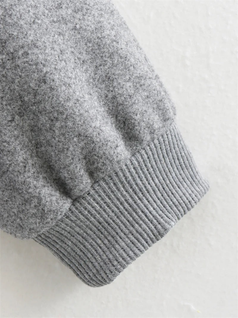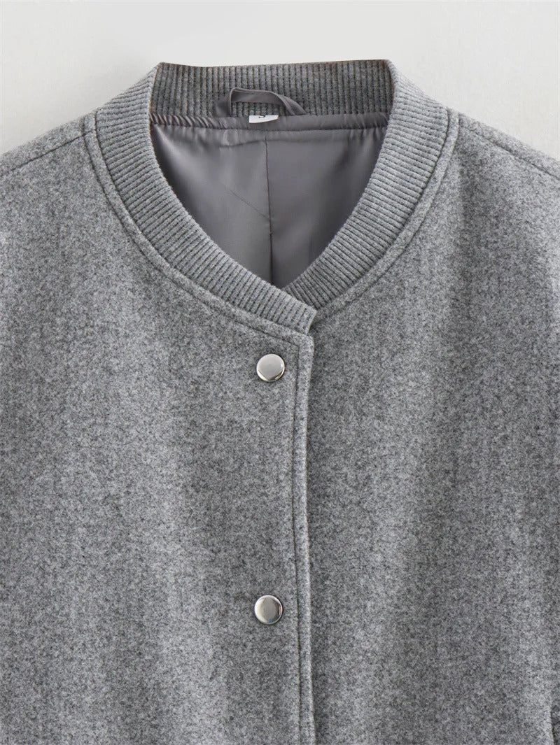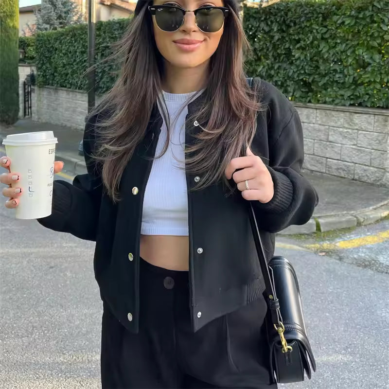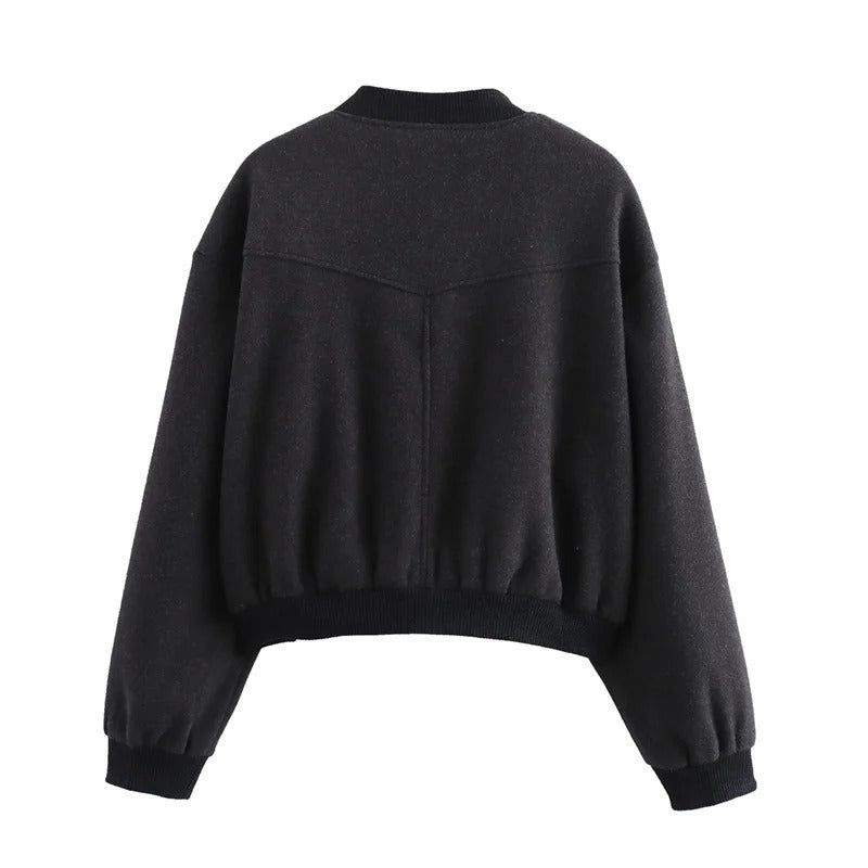 Cropped Ribbed Trim Bomber Jacket for Women
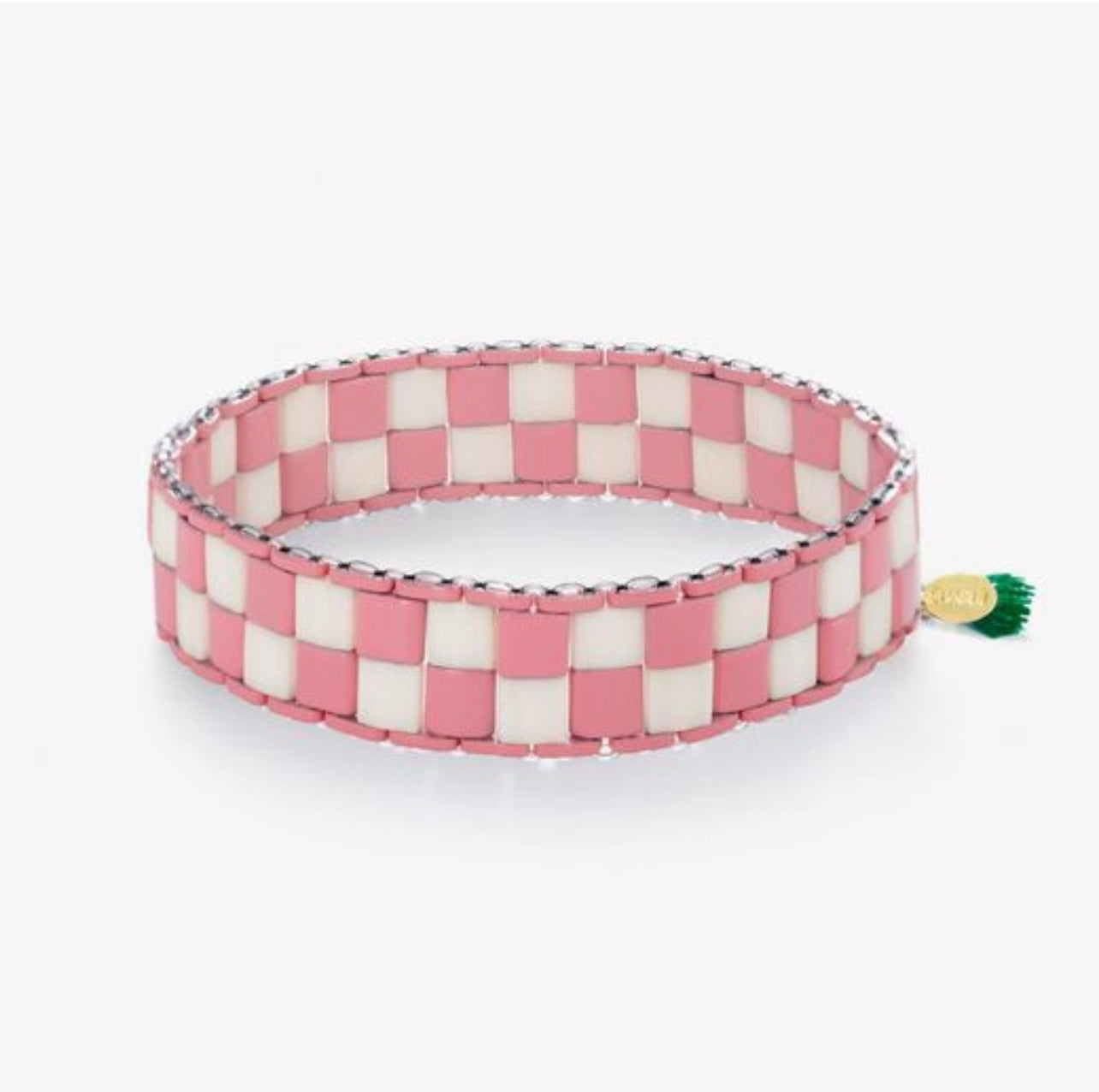 Mosaic Stretch Bracelet, a special nod honoring the checkerboard pattern. This mosaic checkerboard pattern used globally throughout various forms of art, architecture, fashion, music, technology, science, board games and more. Enamel beads intricately woven on comfortable stretch cord, for adjustable sizing. Easy to wear elegance.
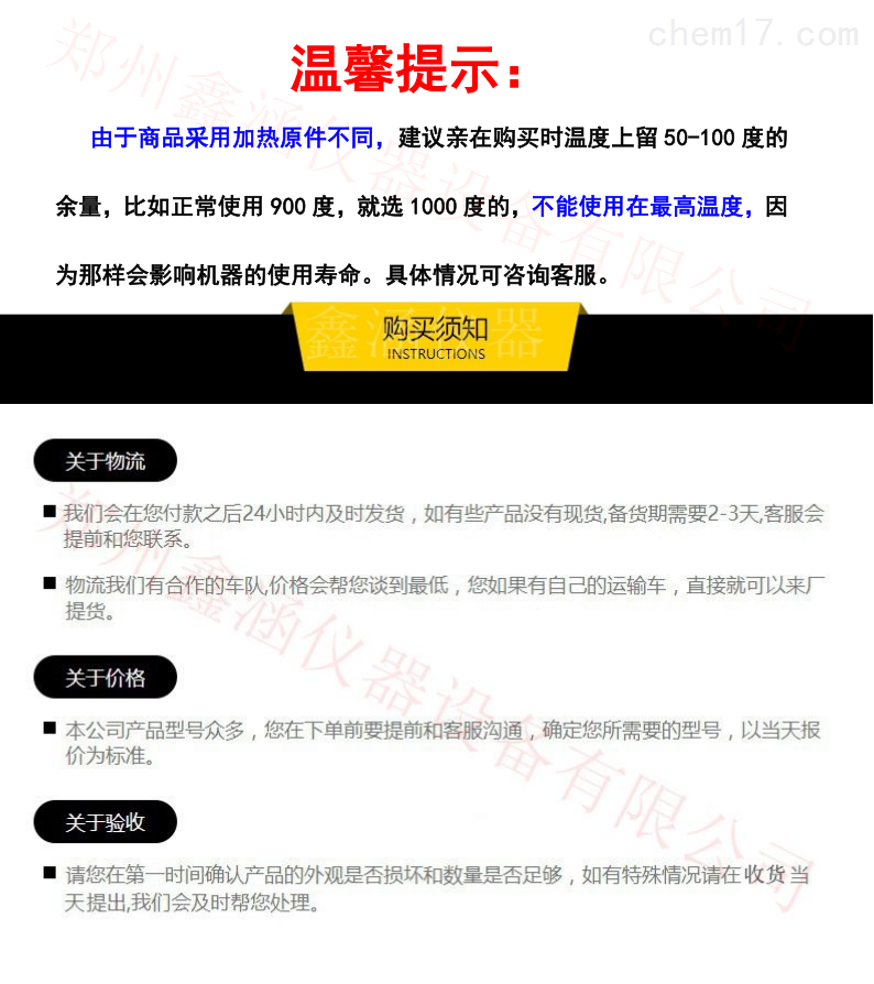 (二)使用時爐膛溫度不得超過爐溫,也不得在額定溫度下長時間工作。實驗過程中,使用人不得離開,隨時注意溫度的變化,如發(fā)現(xiàn)異常情況,應(yīng)立即斷電,并由維修人員檢修。
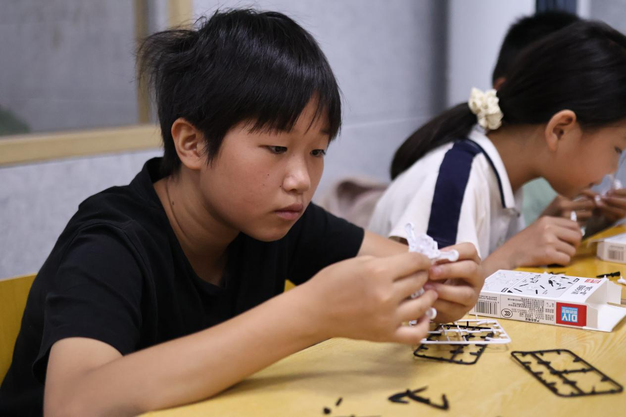图3:孩子们化身“小小工程师”,认真对照图纸组装无人机模型

▶ WORK TASK
All of the material must be given again exactly, though no picture may appear in the copy.

▶ ANSWER TO THE PROBLEM
 Cropped Ribbed Trim Bomber Jacket for Women
 Mosaic Stretch Bracelet, a special nod honoring the checkerboard pattern. This mosaic checkerboard pattern used globally throughout various forms of art, architecture, fashion, music, technology, science, board games and more. Enamel beads intricately woven on comfortable stretch cord, for adjustable sizing. Easy to wear elegance.
 (二)使用時爐膛溫度不得超過爐溫,也不得在額定溫度下長時間工作。實驗過程中,使用人不得離開,隨時注意溫度的變化,如發(fā)現(xiàn)異常情況,應(yīng)立即斷電,并由維修人員檢修。
图3:孩子们化身“小小工程师”,认真对照图纸组装无人机模型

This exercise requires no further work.